Is Reliance Industries (RIL) planning a big splash in the financial services sector? The company had identified ‘financial services’ as a separate business segment from the March 2020 quarter. While no specific roadmap was laid out in the recent AGM or in the June 2020 quarter results, the sharp jump in the segment’s assets in the recent June quarter suggests that ambitious plans may be at play.
Dramatic restatement
The assets of the financial services segment have shot up to ₹83,827 crore as of June 2020 from ₹68,368 crore as of March 2020 and from ₹13,150 crore as of June 2019. Interestingly, the segment’s assets as of March 2020 were restated upwards sharply – it was shown as ₹25,258 crore in the March 2020 quarter results but nearly three times higher (₹ 68,368 crore) in the June 2020 quarter results. The reason for this significant deviation is not clear; RIL did not respond to queries on this.

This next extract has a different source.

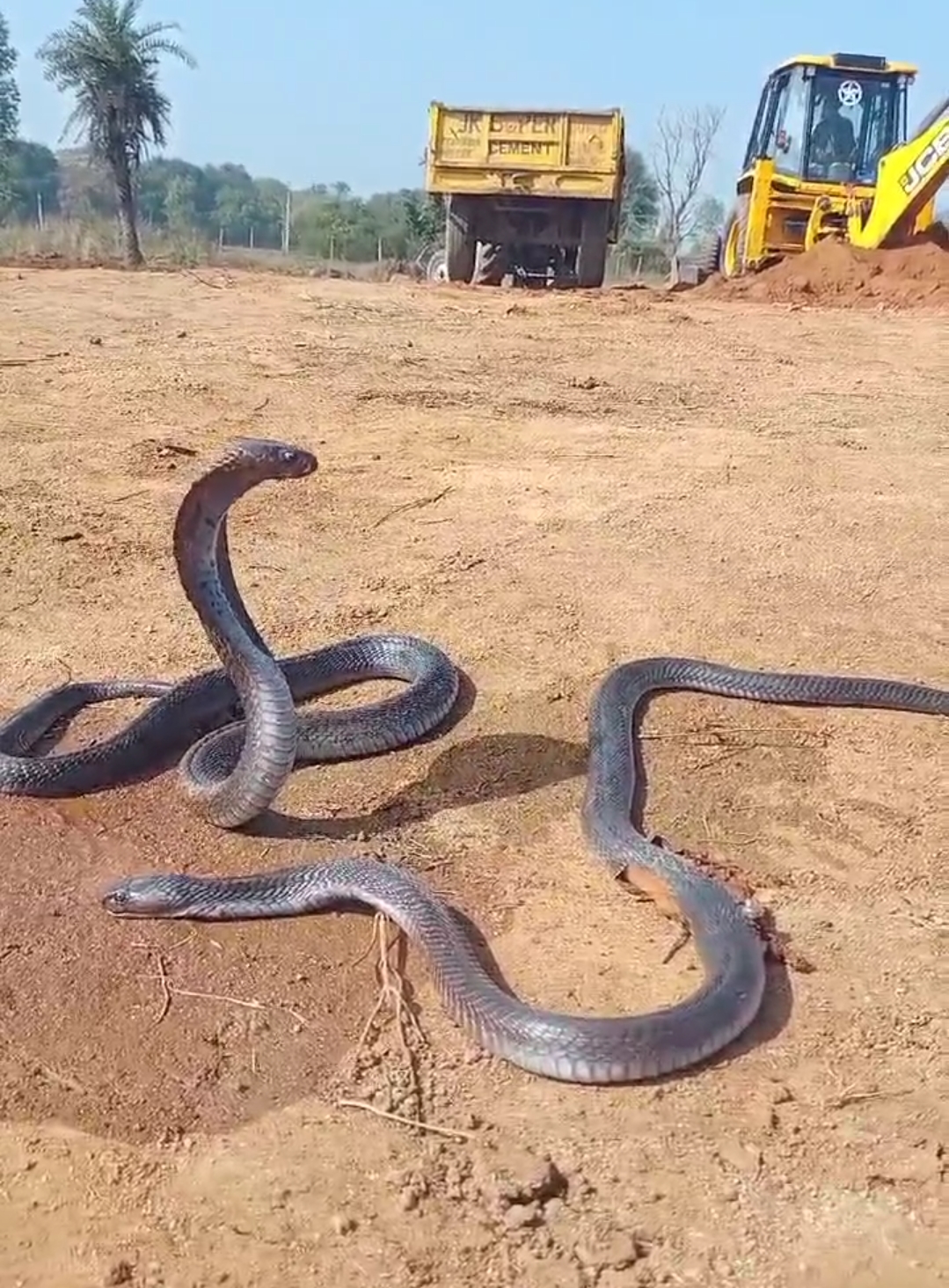 मशीन के चालक ने जैसे ही फावड़ा चलाया, एक अजीब-सा शोर सुनाई दिया। फावड़ा रुका, और सामने नाग की निर्जीव देह और घायल नागिन का दिल दहला देने वाला दृश्य था। चालक ने अपनी मशीन तुरंत बंद की और हड़बड़ाते हुए गांव वालों को बुलाया।

The financial services segment’s assets have increased to about 7 per cent of the company’s total assets, but its liabilities (₹73 crore), revenue (₹690 crore) and operating profit (₹380 crore) in the June 2020 quarter are still relatively quite small – 0 to 2 per cent of the total. This could change in the coming quarters as RIL leverages its digital and retail businesses to push growth in financial services.
The company’s annual report for FY 2019-20 states that based on an internal reorganisation of its business segments, RIL identified ‘financial services’ as a separate business segment.
It says, “The anchor ecosystem of Jio (387.5 million customers), and Reliance Retail (11,784 stores) provides a strong distribution channel for financial products. The strategy of the financial services business centres around creating tailor-made financial products and offering them as extensions of other products that are being offered to customers in the anchor ecosystem of Reliance’s consumer businesses. This synergistic relationship will benefit both the financial services and the anchor ecosystem businesses.”
It adds, “This segment (financial services) principally comprises management and deployment of identified resources of the company to various activities including non-banking financial services, insurance broking etc. Accordingly, identified assets and related income which were erstwhile lying in “unallocated” have been transferred to the financial services segment.”
RIL also has a tie-up with SBI in Jio Payments Bank and holds 70 per cent in this venture. The collaboration with Facebook-controlled WhatsApp that plans to launch its UPI-based payment platform could also help RIL’s financial services segment.
This is not RIL’s first foray into financial services. Following the scrapping of the non-compete agreement with the Anil Ambani group late last decade, RIL had entered the segment in 2011 with a joint venture with global investment management firm D.E. Shaw. But this partnership was called off a couple of years back. The new thrust seems to be a largely in-house integrated digital-retail-financial troika approach.
Consumer business share up
Growth in the financial services segment will aid RIL’s goal of its consumer businesses achieving an equal footing on profit contribution with the energy business. Already, in the recent June quarter, despite the retail segment slipping, the strong show by the digital segment and weakness in the energy segments saw the consumer businesses overtaking the energy businesses on profit contribution. The consumer businesses (digital, retail, financial services) accounted for 49 per cent of RIL’s consolidated operating profit (EBITDA) in the June 2020 quarter, compared with the 44 per cent share of the energy businesses (refining, petchem, exploration); others (media, textile, SEZ development, etc) accounted for the rest.
The share in profits of the consumer business has risen to nearly half in the June 2020 quarter from about 32 per cent in the June 2019 quarter. The trend could continue in the coming quarters. Digital is likely to stay upbeat, retail could recover with the gradual lifting of the lockdowns, while the energy businesses may remain on the back-foot due to concerns about economic growth. Growth in financial services, when it happens, will add to the weight of the consumer businesses.